Either way, say you have the plane $x+2y-4z=8$
The normal line will have direction $x=1, y=2, z=-4$
So they are very closely linked. However, I'm having trouble wrapping my head around why that is. How come you can list the normal vector and (along with a scalar) define a plane? I understand that it works, I just wonder how come?
I hope someone can explain this. Thanks!
On
Think of it this way: the plane described by the equation $ax+by+cz = 0$ is the set of all zeros of the function $f(x,y,z) = ax+by+cz$, i.e. the plane is an equipotential of $f$ with the potential $0$. The gradient $\nabla f$ of $f$ at some point is orthogonal to the equipotential at that point, and $\nabla f(x,y,z) = (a,b,c)$. Therefore, $(a,b,c)$ is orthogonal to the plane.
You can, of course, also employ some linear algebra: Let $u=(x_1,y_1,z_1)$ and $v=(x_2,y_2,z_2)$ be two points on the plane. Then we know that $ax_1+by_1+cz_1=0$ and $ax_2+by_2+cz_2=0$. This can be seen as a dot product with the vector $n=(a,b,c)$, i.e. $n\cdot u = 0$ and $n\cdot v = 0$. This then implies $n\cdot (u-v)=0$, i.e. the connecting vector of any two points on the plane is orthogonal to $n$, and therefore $n$ is orthogonal to the entire plane.
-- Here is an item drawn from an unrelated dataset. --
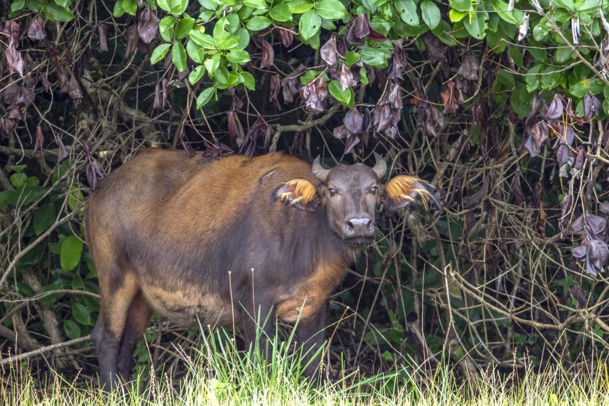 Dočkáme se i dalšího zvířete a to buvola pralesního. Je to nejmenší poddruh buvola afrického. Buvoli pralesní se od buvola afrického liší nejen váhou a velikostí, ale také svou červenohnědou barvou srsti.

Note that this is only true in 3-dimensional space. In 2-dimensional space, it is lines that can be described by a single normal vector; in an $n$-dimensional space, it is $(n-1)$-dimensional hyperplanes.
On
For a really down-to-earth explanation, how about this:
Imagine a satellite dish with a central aerial that you aim at a distant point (the aerial is the normal), and imagine that the "dish" is actually rather flat (this is your plane). Any plane passing through the place where you are can be achieved by rotating your dish appropriately, and you can get to any parallel plane just by moving a fixed distance along the direction your aerial points along.
So, you just need 2 pieces of information to specify your plane:
On
First, let's work backwards. If we're on the plane, and we head towards the y axis, x and z will head to zero. Then 2y=8, so y=4. So apparently, the point (0,4,0) is on the plane. Notice if we are at any other point in the plane, (x,y,z), then the displacement vector, (x,y,z)-(0,4,0) must be perpendicular to the normal, let's call it n=(a,b,c). Thus the dot product must be zero.
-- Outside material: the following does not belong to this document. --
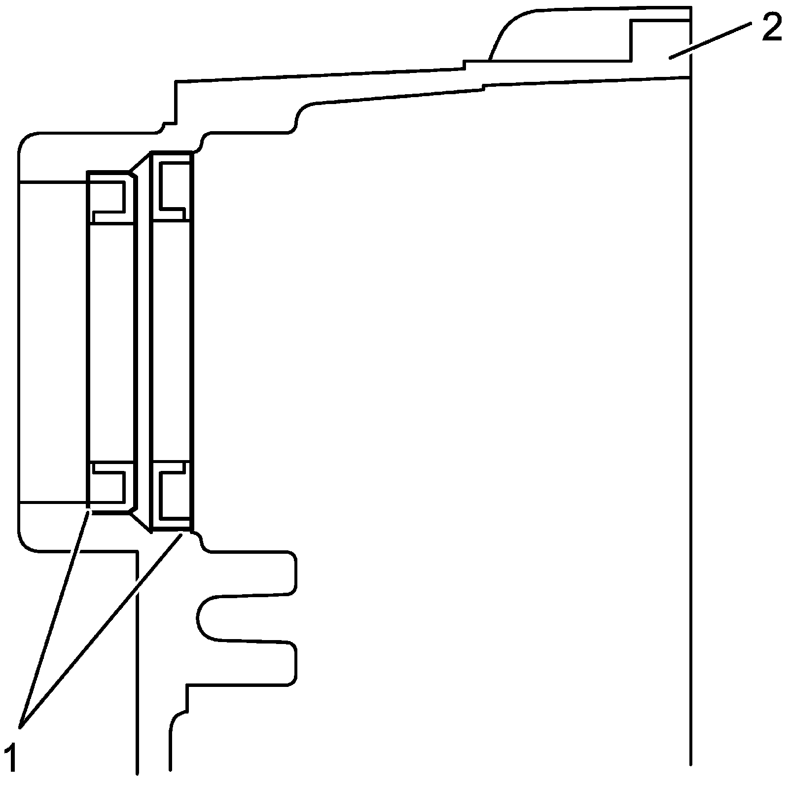 9) Use chisel (1) to break the thinnest portion of bearing inner race (2) and remove bearing.

Then n$\cdot$(x,y-4,z)=0, or ax+b(y-4)+cz=0. Or ax+by+cz=4b. But we know we have x+2y-4z=8, so n=(1,2,-4) works.
The logic probably isn't exactly what you wanted, but it may have to do. It's better to remember that
$$n\cdot(r-r_0)=0,$$
since that is the equation most closely associated with the geometry.
View it geometrically. For example, let the normal be the $z$-axis. Geometrically, this makes no difference, since any line could be picked as the $z$-axis. Now you can see what planes have the $z$-axis as a normal. They are just the planes parallel to the $x$-$y$ plane.
Any such plane can be fully identified if you know in addition a single number, namely the height at which the plane meets the $z$-axis.